I tried selling the ZX81 through various news agents’ window advert, but nobody wanted my little black Sinclair doorstop. And in those days I really did need the money, as my pocket money wasn’t enough to buy games for my ‘new’ Vic 20 (and I was too young to get a Saturday job).

But how to sell an obsolete computer with no games?

A few weeks later at school, the class soap dodger (let’s call him...actually best leave it at Soap Dodger) got wind that I wanted to sell my ZX81. Got many games? He asked. Oh yer – stacks, I lied. And so, holding my nose, I arranged for him to come around at the weekend, half realising he probably just wanted come around and play at my house.

That Saturday I got up early, and typed in the best game listing I could find. That was part one of my plan. Part two was to connect the broken tape recorder to the computer to make it look like I’d just loaded it in to the ZX81. And part three – the really cunning bit – was to get a pile of cheap blank tapes and write fake game names on them. Generic names like Space Trek, Munch Mate and Road Hopper. You get the idea. And so I piled the tapes with the ‘games’ on by the computer.

Soap dodger arrived.

Soap dodger played the great game I had just ‘loaded’.

Soap dodger was impressed by the 20 or so games that came with the computer.

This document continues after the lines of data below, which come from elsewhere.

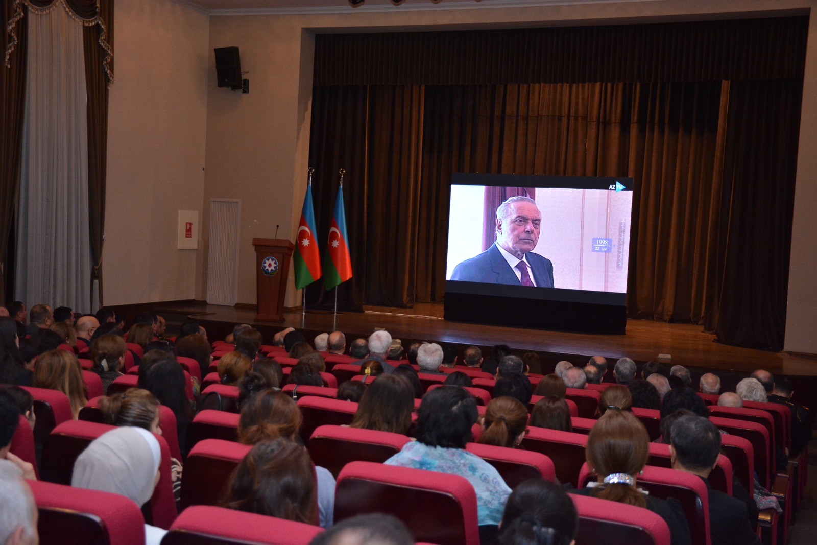 Daha sonra çıxış edənlər müstəqil Azərbaycan dövlətinin qurucusu və memarı bütün varlığı ilə vətəninə, xalqına bağlı olan böyük dövlət xadimi, Ümummilli Lider Heydər Əliyevin dövlətçiliyimizin qurulmasında, xalqımızın əmin-amanlığının təmin edilməsində və milli-mənəvi dəyərlərimizin qorunmasındakı əvəzsiz xidmətlərindən geniş söhbət açıblar. Ulu Öndər qətiyyətlilik, milli mənəvi dəyərlərə bağlılıq və ədalətlilik prinsiplərinin rəhbər tutaraq bütün həyatını xalqımızın birliyi və rifahı, ölkəmizin parlaq və firavan gələcəyi uğrunda mübarizəyə həsr etdiyini bildiriblər.
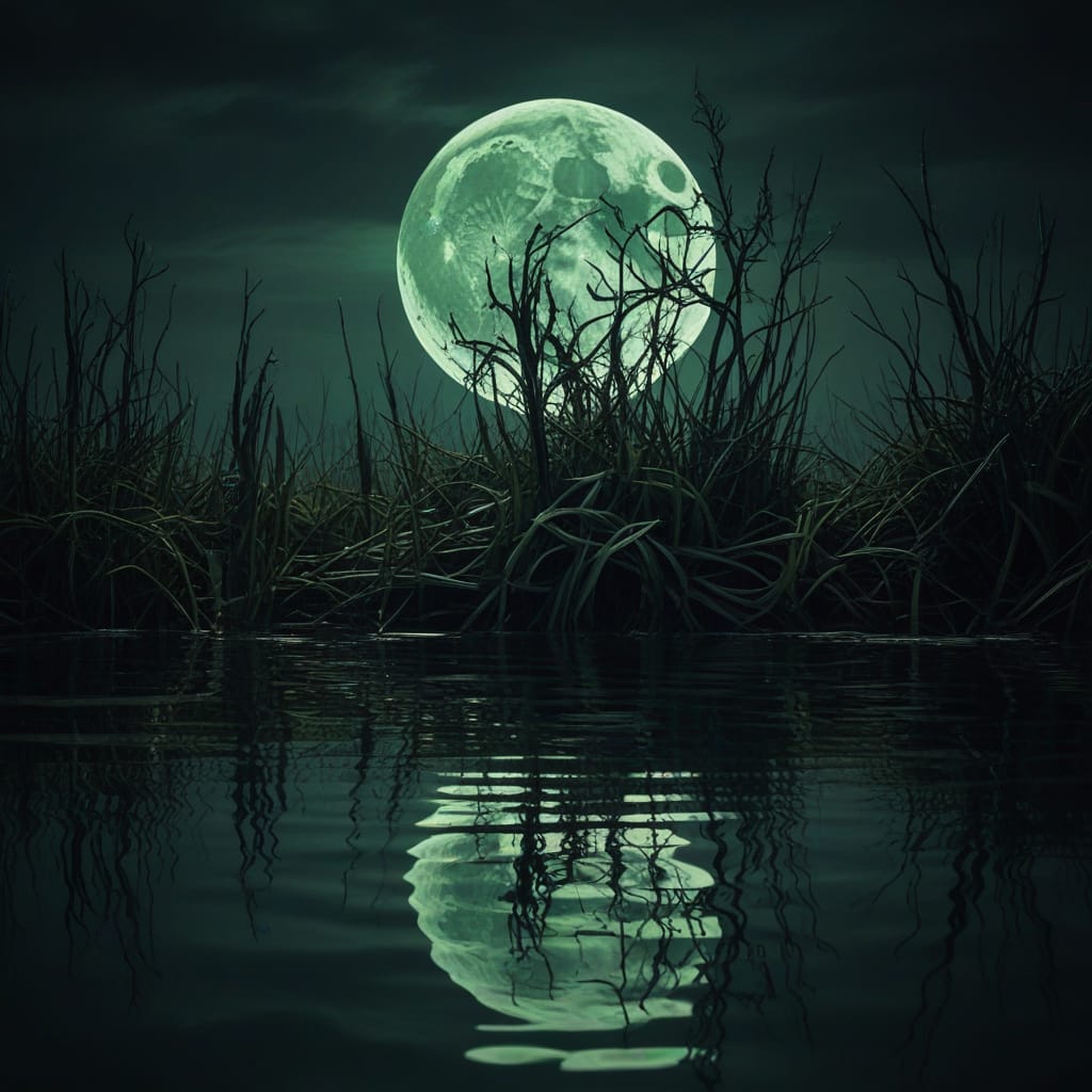 Sinister presence in the lake under full round green moon.jpg
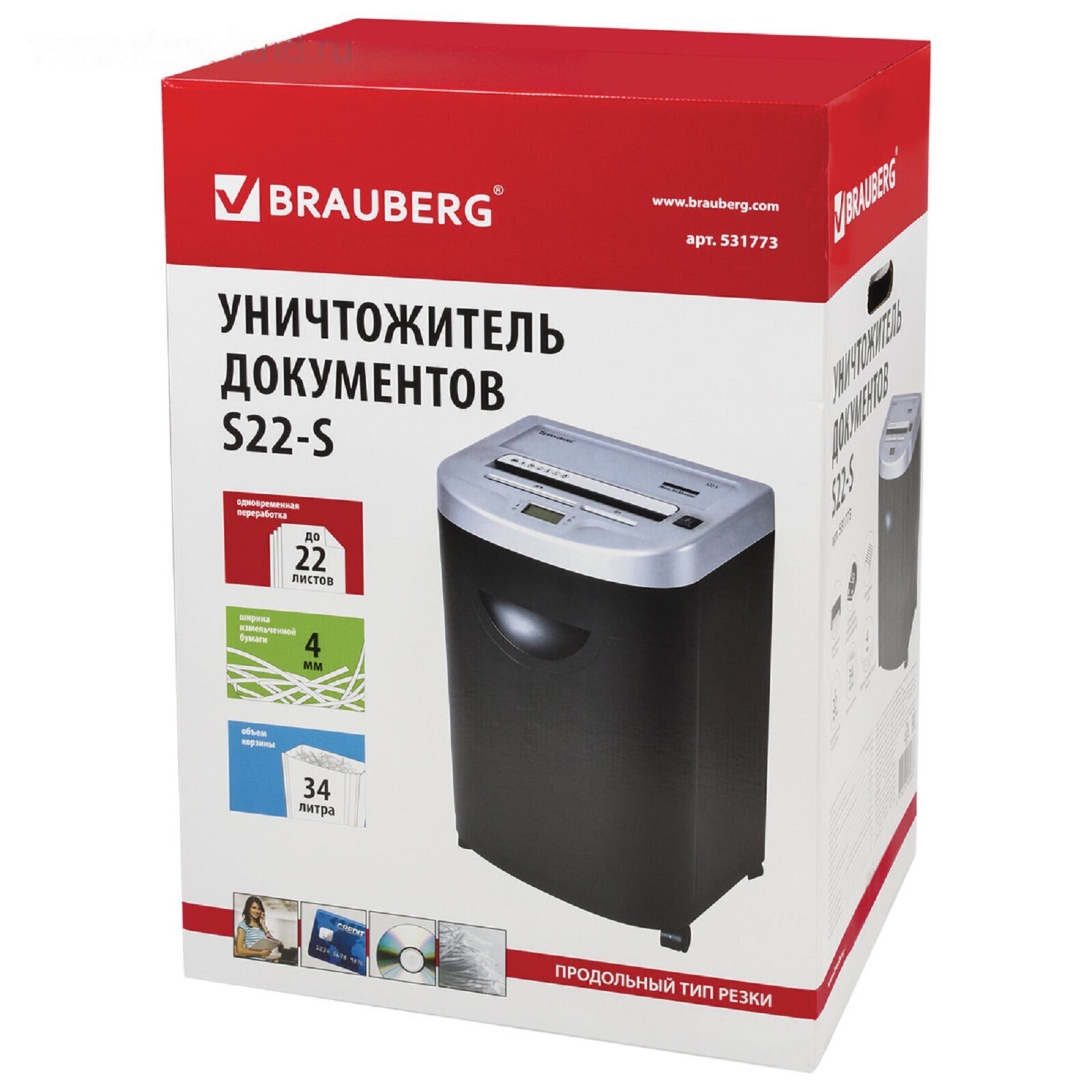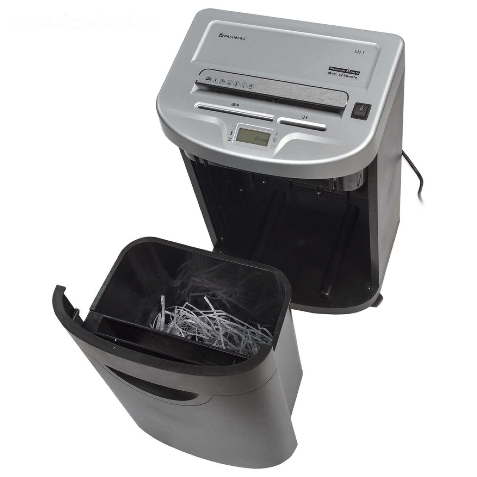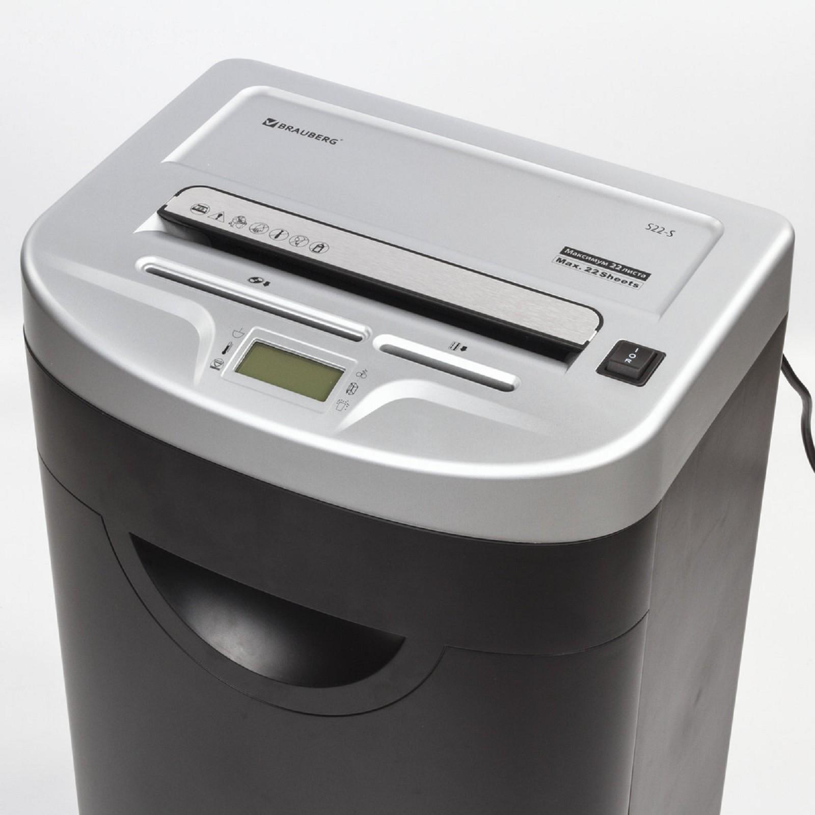 Шредер BRAUBERG S22-S (Р-2), полоски 4 мм, 22 листа одновременно, скобы, пл.карты, CD, 35 л 486393

I had a sale. Oh joyful day.

But of course it came at a price. A few days later Soap Dodger came up to me in the playground and seemed upset. Apparently none of the ‘games’ would load. I offered some excuses. Perhaps the tape head needed adjusting? Perhaps he needed to tighten the tapes? Maybe the tape leads were loose?

With excuses like these I could have saved the iPhone 4’s reputation.

Sorry Soap Dodger, I did you wrong.

Sunday 8 August 2010

Welcome Retronauts

Great...another blog about old games.

Well, not quite.  Seeing as the good people at places like Retro Gamer magazine have the games covered, this blog is something a little different.  

As the title suggests, these postings will be about all the things swirled around the classic games of your childhood.  The magazines.  The television programmes.  The freebies in game boxes.   Anything that defined gaming of yesteryear, but not the actual games themselves.  Dive in and enjoy.